TASK TO CARRY OUT – The following data has a line with "Gàbia d'exterior per" and a line with "特朗普在白宫举办筹款晚宴,向". Write out exactly those lines and all the lines between them.

MATERIAL SHOWN –
•••••

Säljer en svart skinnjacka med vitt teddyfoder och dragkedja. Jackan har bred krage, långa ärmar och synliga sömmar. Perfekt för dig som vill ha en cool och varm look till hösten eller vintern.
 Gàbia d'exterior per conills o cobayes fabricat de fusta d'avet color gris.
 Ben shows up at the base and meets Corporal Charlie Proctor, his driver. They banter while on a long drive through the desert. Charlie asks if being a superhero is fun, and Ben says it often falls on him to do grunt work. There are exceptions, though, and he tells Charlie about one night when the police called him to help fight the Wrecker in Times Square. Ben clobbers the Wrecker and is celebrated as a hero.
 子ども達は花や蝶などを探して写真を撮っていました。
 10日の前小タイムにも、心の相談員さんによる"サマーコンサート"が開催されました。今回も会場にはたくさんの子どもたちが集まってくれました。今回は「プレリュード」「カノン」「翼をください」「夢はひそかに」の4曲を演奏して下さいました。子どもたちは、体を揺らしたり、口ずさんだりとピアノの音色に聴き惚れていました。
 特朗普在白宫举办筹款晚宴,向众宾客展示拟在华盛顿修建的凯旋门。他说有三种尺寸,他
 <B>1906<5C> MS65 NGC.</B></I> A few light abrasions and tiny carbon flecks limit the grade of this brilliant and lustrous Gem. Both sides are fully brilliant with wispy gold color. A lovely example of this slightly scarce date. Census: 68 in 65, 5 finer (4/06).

•••••

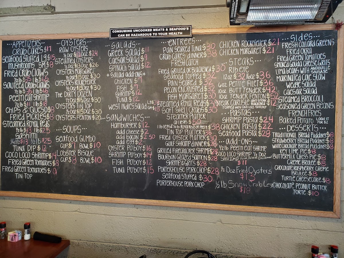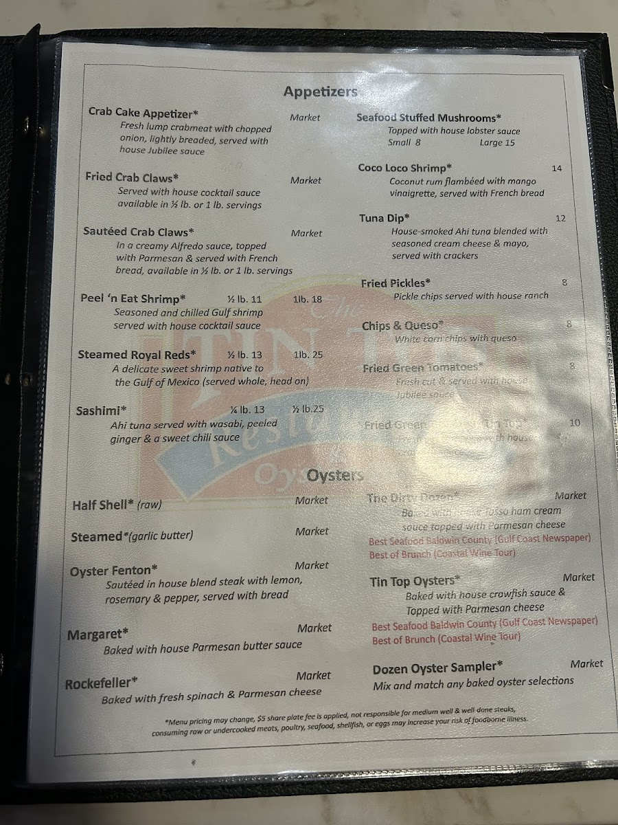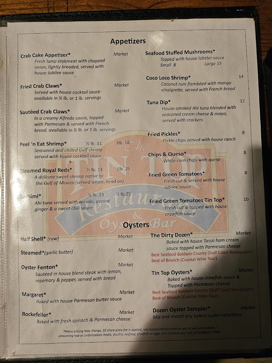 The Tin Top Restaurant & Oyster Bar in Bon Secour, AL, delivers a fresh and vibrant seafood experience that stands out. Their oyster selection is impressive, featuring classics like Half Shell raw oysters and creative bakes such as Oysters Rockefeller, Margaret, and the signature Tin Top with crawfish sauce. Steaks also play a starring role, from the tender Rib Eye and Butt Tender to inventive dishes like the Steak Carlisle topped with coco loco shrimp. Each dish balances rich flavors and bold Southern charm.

•••••

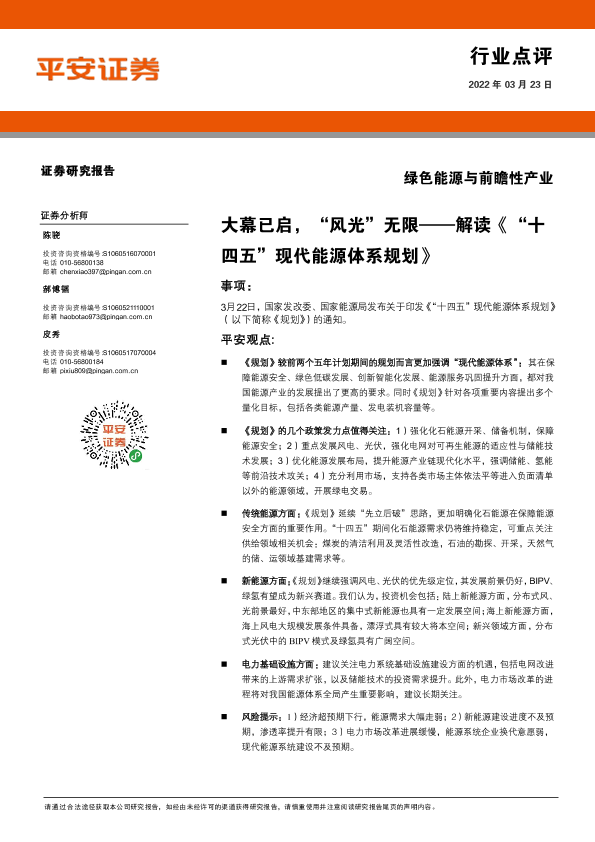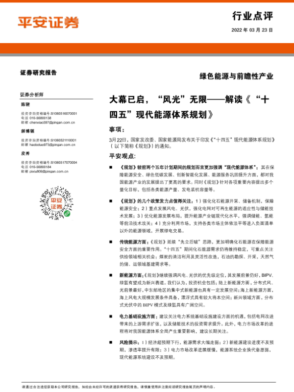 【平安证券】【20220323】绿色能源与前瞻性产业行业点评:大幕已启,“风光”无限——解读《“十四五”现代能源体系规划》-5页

•••••

RESULT BELOW –
 Gàbia d'exterior per conills o cobayes fabricat de fusta d'avet color gris.
 Ben shows up at the base and meets Corporal Charlie Proctor, his driver. They banter while on a long drive through the desert. Charlie asks if being a superhero is fun, and Ben says it often falls on him to do grunt work. There are exceptions, though, and he tells Charlie about one night when the police called him to help fight the Wrecker in Times Square. Ben clobbers the Wrecker and is celebrated as a hero.
 子ども達は花や蝶などを探して写真を撮っていました。
 10日の前小タイムにも、心の相談員さんによる"サマーコンサート"が開催されました。今回も会場にはたくさんの子どもたちが集まってくれました。今回は「プレリュード」「カノン」「翼をください」「夢はひそかに」の4曲を演奏して下さいました。子どもたちは、体を揺らしたり、口ずさんだりとピアノの音色に聴き惚れていました。
 特朗普在白宫举办筹款晚宴,向众宾客展示拟在华盛顿修建的凯旋门。他说有三种尺寸,他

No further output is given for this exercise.